INJ Search


Int Neurourol J > Volume 26(2); 2022 > Article
Bozkurt, Temeltaş, Müezzinoğlu, and Üçer: Mediterranean Diet and Overactive Bladder



The relationship between nutrition and overactive bladder (OAB) has yet to be elucidated. Therefore, this study investigated the relationship between the Mediterranean diet and OAB.


The 14-item Mediterranean Diet Adherence Screener (MeDAS) and Overactive Bladder-Validated 8-question Screener (OAB-V8), validated in Turkish, were administered to 500 patients over the age of 18 who presented to outpatient clinics other than urology outpatient clinics. Of those patients, 174 with chronic diseases and urinary tract infections (based on urinalysis and a detailed medical history) were excluded. Therefore, 326 patients’ data were analyzed.

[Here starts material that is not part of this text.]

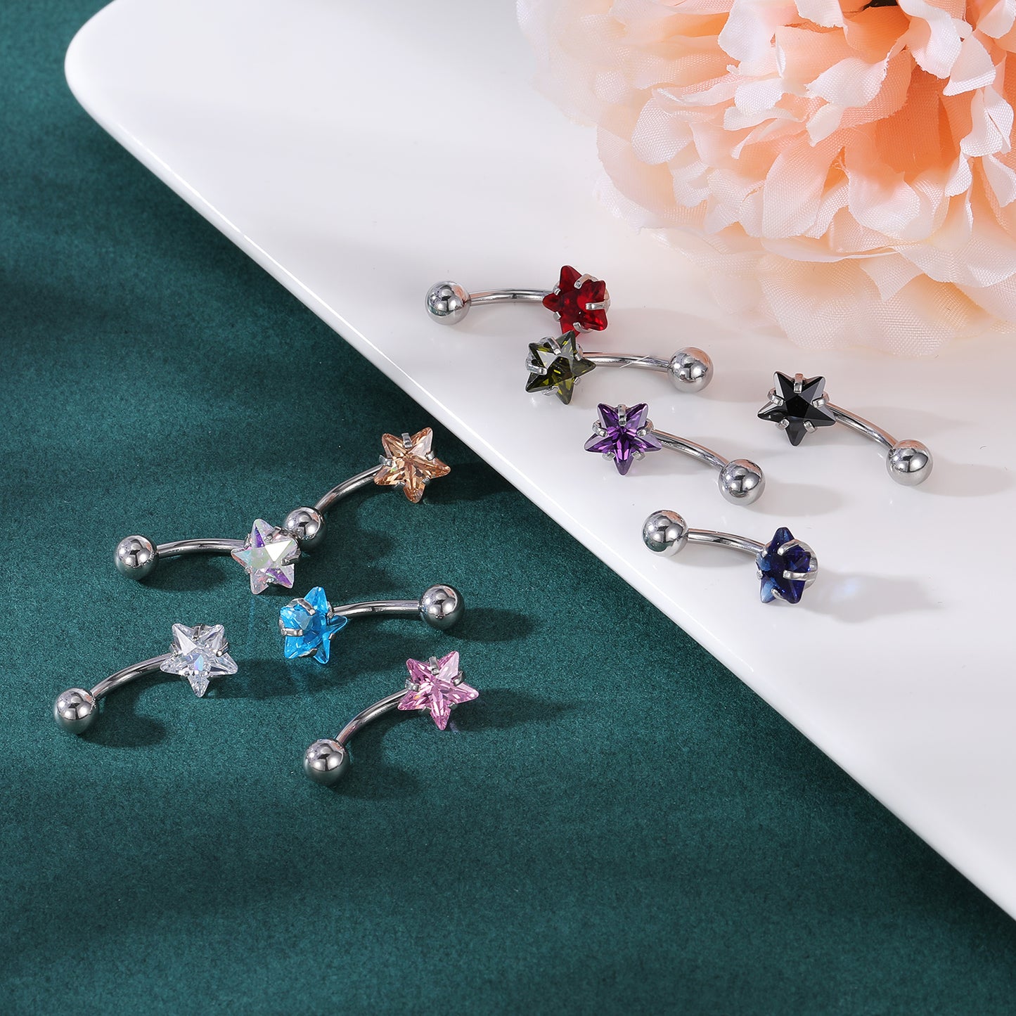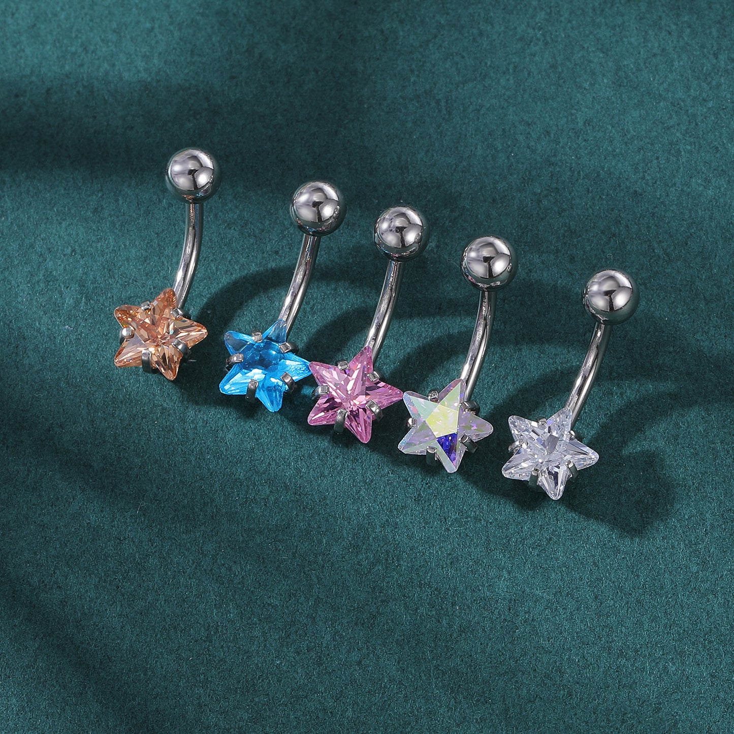 14g Stars Stainless Steel Belly Button Rings Cubic Zirconia Navel Piercing Jewelry

There was a negative correlation between the MeDAS and OAB-V8 scores. High OAB-V8 scores were associated with obesity (body mass index ≥30 kg/m2), being single, and a low education level.


Dietary patterns represent a broader perspective on food and nutrient consumption and may therefore be more predictive of disease risk. The Mediterranean type should be recommended in the first-line treatment of patients with OAB symptoms. It is easily possible to determine the compliance of patients with this diet by using the 14-item MeDAS.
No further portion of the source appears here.